One sometimes wonders if the writer/director Martin Koolhoven hates his own gender.  With the exception of Eli and his son and to a limited extent Kit Harington as an outlaw who tries to help Liz, nearly all the men are total bastards, from the Reverend himself to the Chinese immigrant who sells her to a “cat house”, where the customer is always right whatever brutality he inflicts on the women there.  There is also a strong theme of revulsion for the evils of fundamentalist, male dominated religion.  Koolhaven is Dutch, raised in a Calvinist tradition and the film was unsurprisingly produced and filmed in Europe, not America, where it has predictably not been enthusiastically received.

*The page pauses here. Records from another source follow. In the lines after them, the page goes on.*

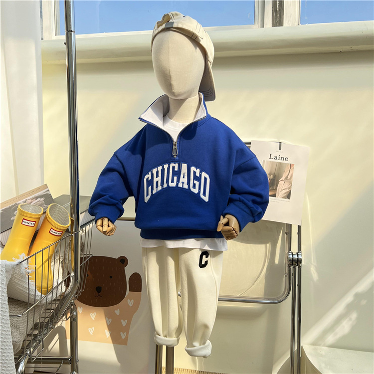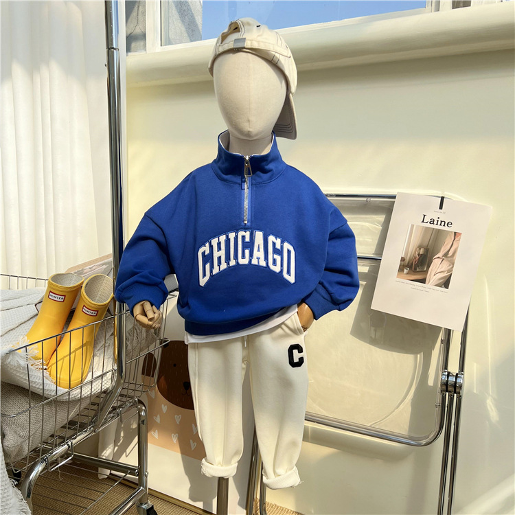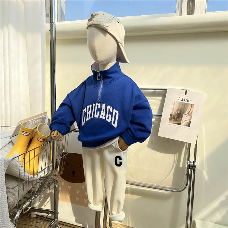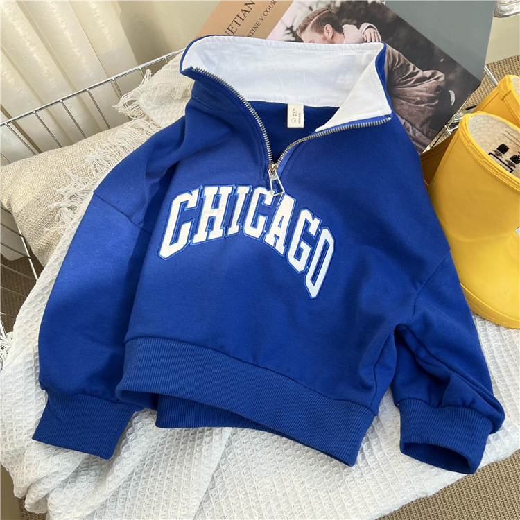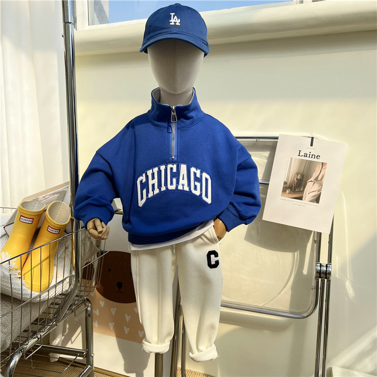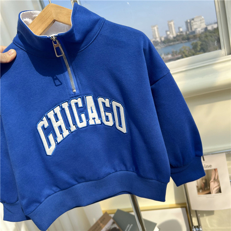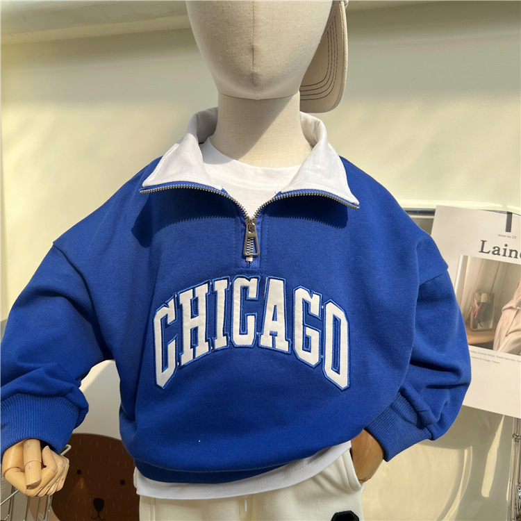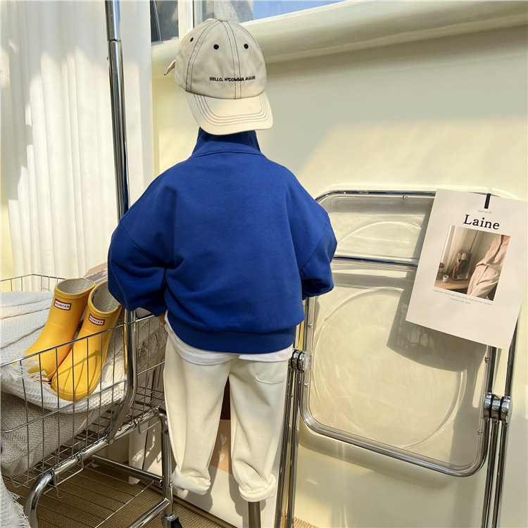 Felpa con cappuccio blu Klein a maniche lunghe con colletto rialzato e alfabeto ricamato per ragazzi coreani autunnali 2024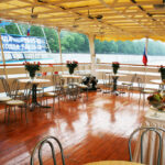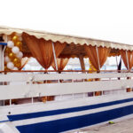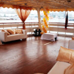 - Открытая незастекленная палуба под тентом находится на одном уровне с банкетным залом. Ротанговая мебель: диваны, кресла с придиванными столиками и мягкими подушками. По желанию клиента накрывается приветственный стол с шампанским, фруктами, канапе. Можно установить кальян, выездное караоке. Леерное ограждение по периметру палубы создает дополнительную безопасность для детей и взрослых.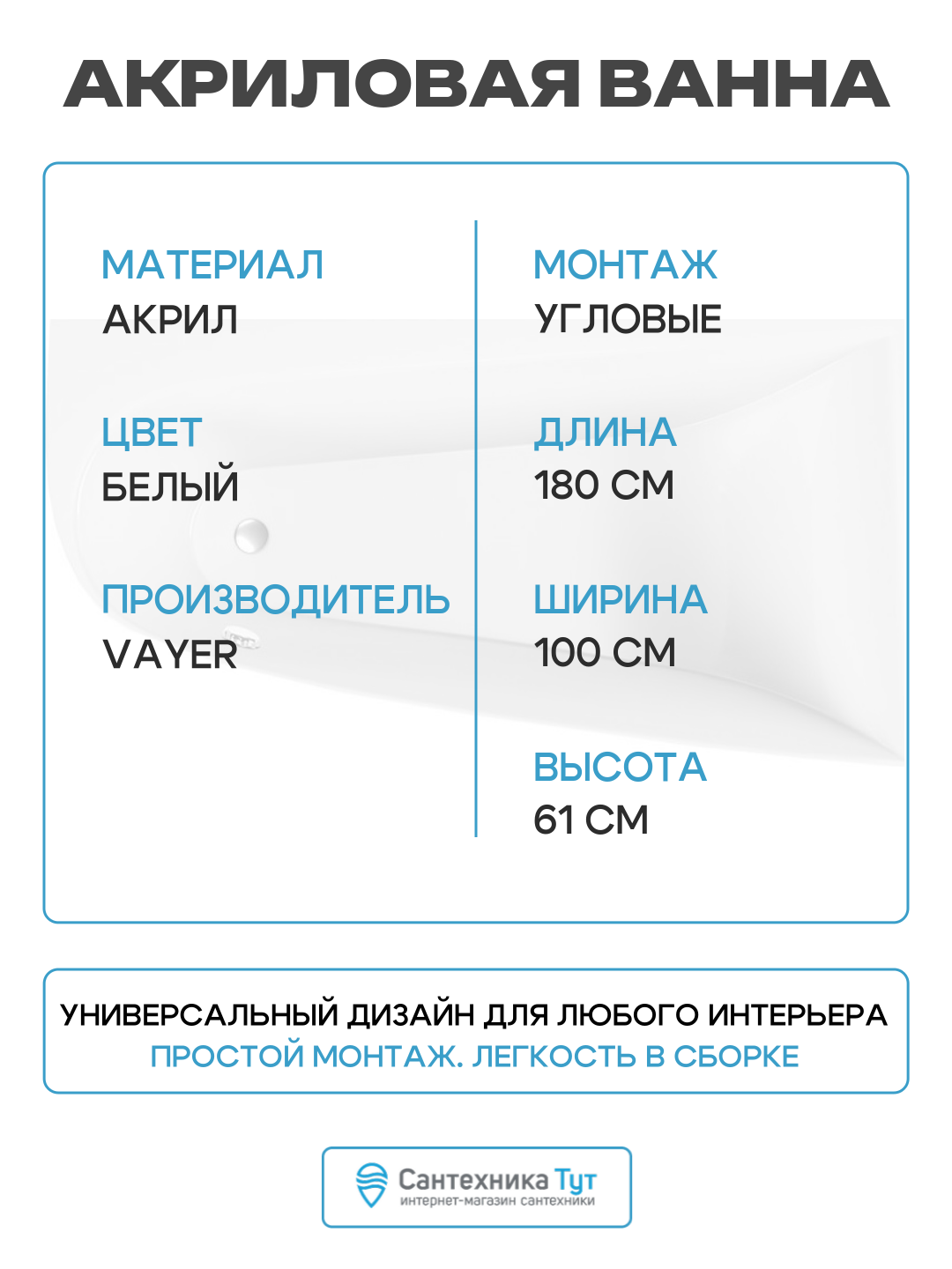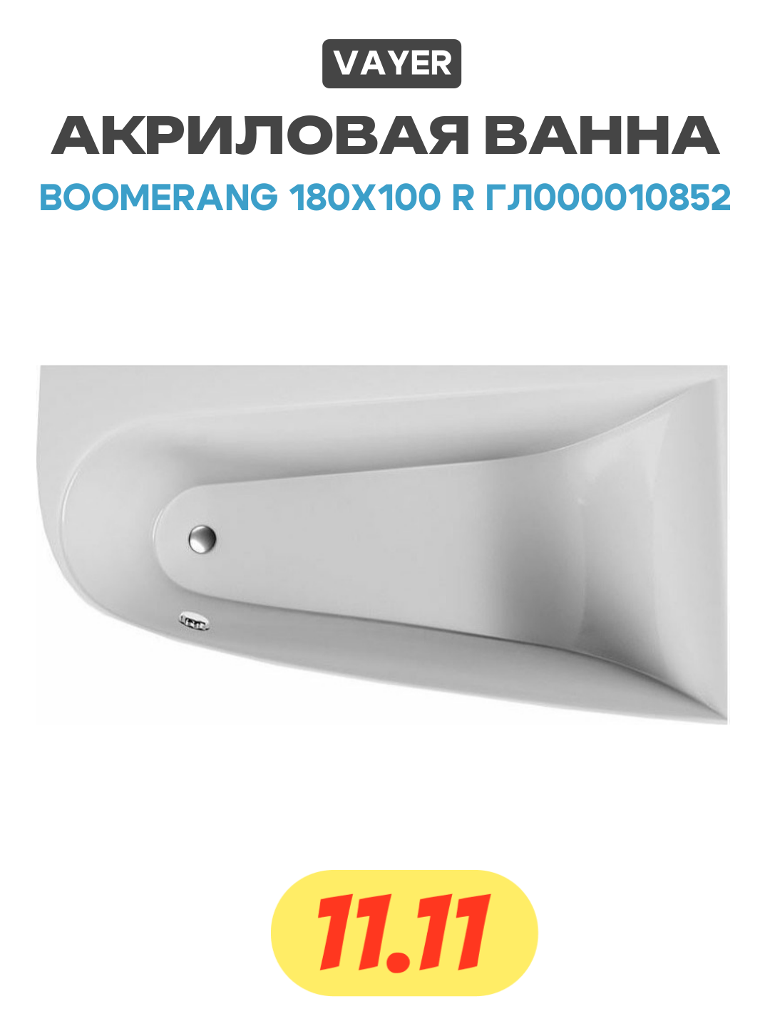 Сервис сравнения цен СкидкаГИД предлагает сравнить цены на товар «Акриловая ванна Vayer Boomerang 180х100 R Гл000010852»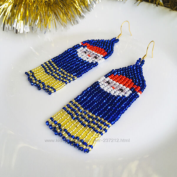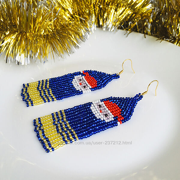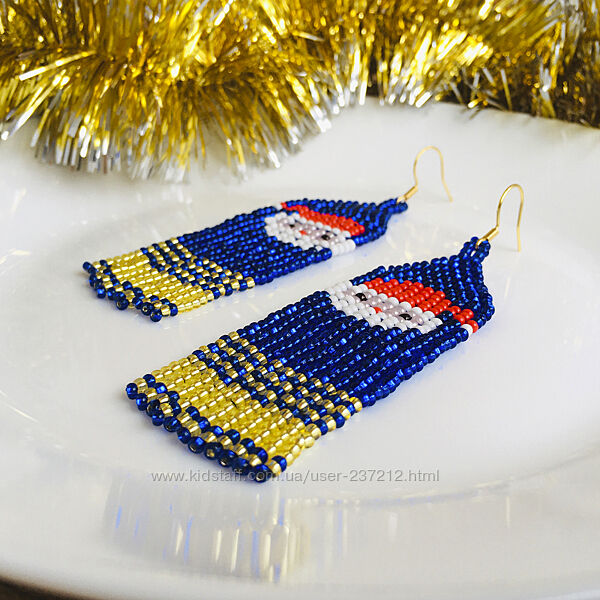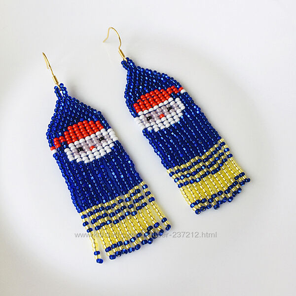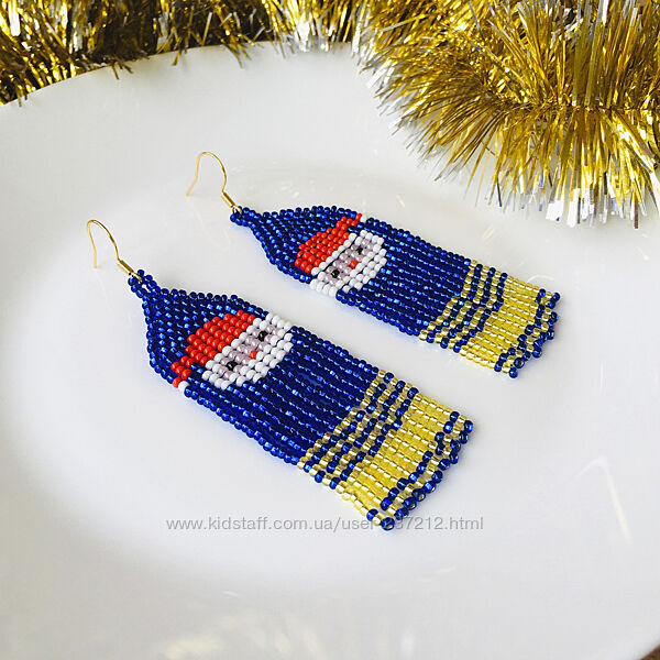 Подробное описание: Новорічні сережки з бісеру, святкові бісерні сережки Санта Клаус
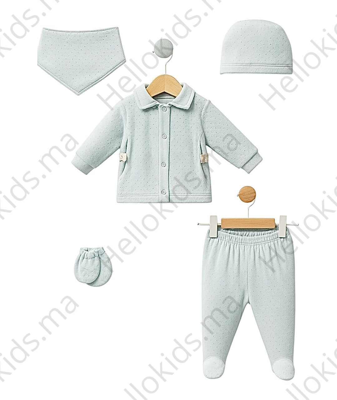 ✨ Craquez pour ce Pack Naissance Unie Ouverture Centrée Baby Boy 5 pcs en Velours, et offrez à bébé douceur, confort et style dès ses premiers jours.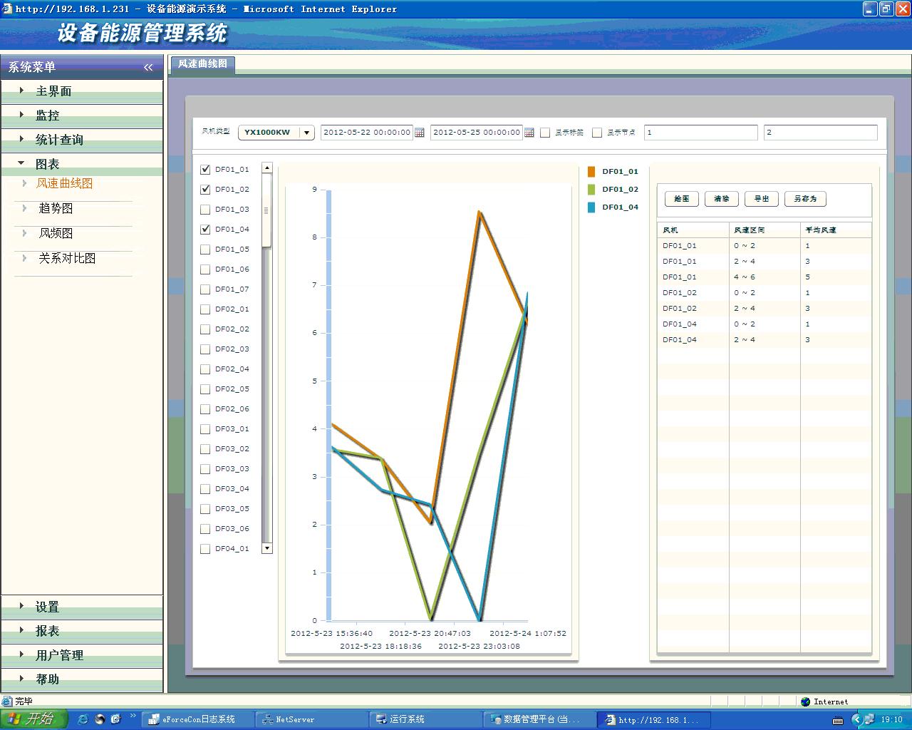 1)風(fēng)速曲線圖:根據(jù)設(shè)定時(shí)間段、數(shù)據(jù)差值,描繪風(fēng)速變化軌跡,并根據(jù)設(shè)定起始風(fēng)速及區(qū)間,自動(dòng)統(tǒng)計(jì)于右側(cè)表格。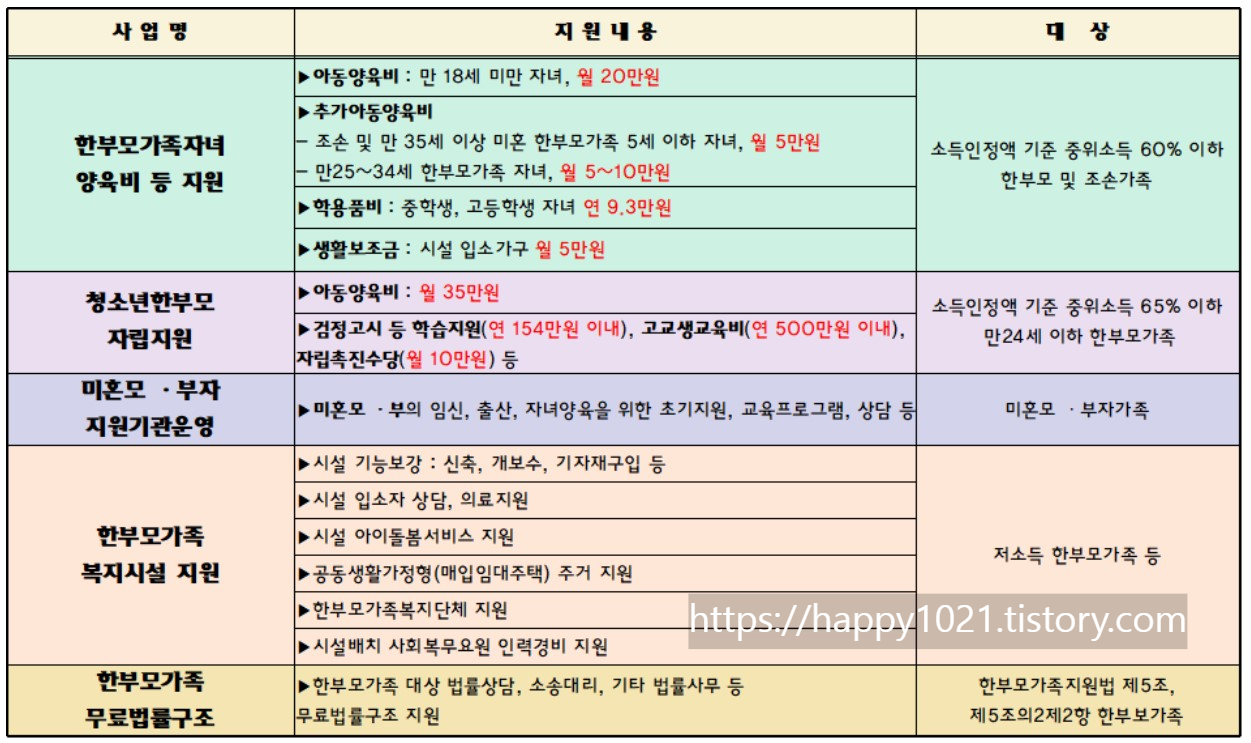 🤚🏻(잠깐!) 한부모가정의 지원대상에는 3가지 종류가 있는데요. 일반적인 한부모가정(모자가족, 부자가족), 조손가정, 청소년한부모가정 이렇게 나누어집니다.

Although not an easy watch the film grips the attention throughout.  Fanning’s expressive performance and that of Jones as her younger self Joanna both engage our empathy for the character’s self determination, while Pearce as her persecutor, sporting an Amish style beard and a gravelly Dutch accent is a strong and terrifying presence and unremittingly evil throughout.

The disturbing emotional morality of the film is similar in many ways to that of the recently UK screened television series “The Handmaid’s Tale”, though the horrors inflicted on Liz/Joanna and the other women, who include Carice van Houten as Joanna’s mother, are admittedly even more graphic.

As a woman I found the film neither exploitative nor offensive.  There may well however be some women who do.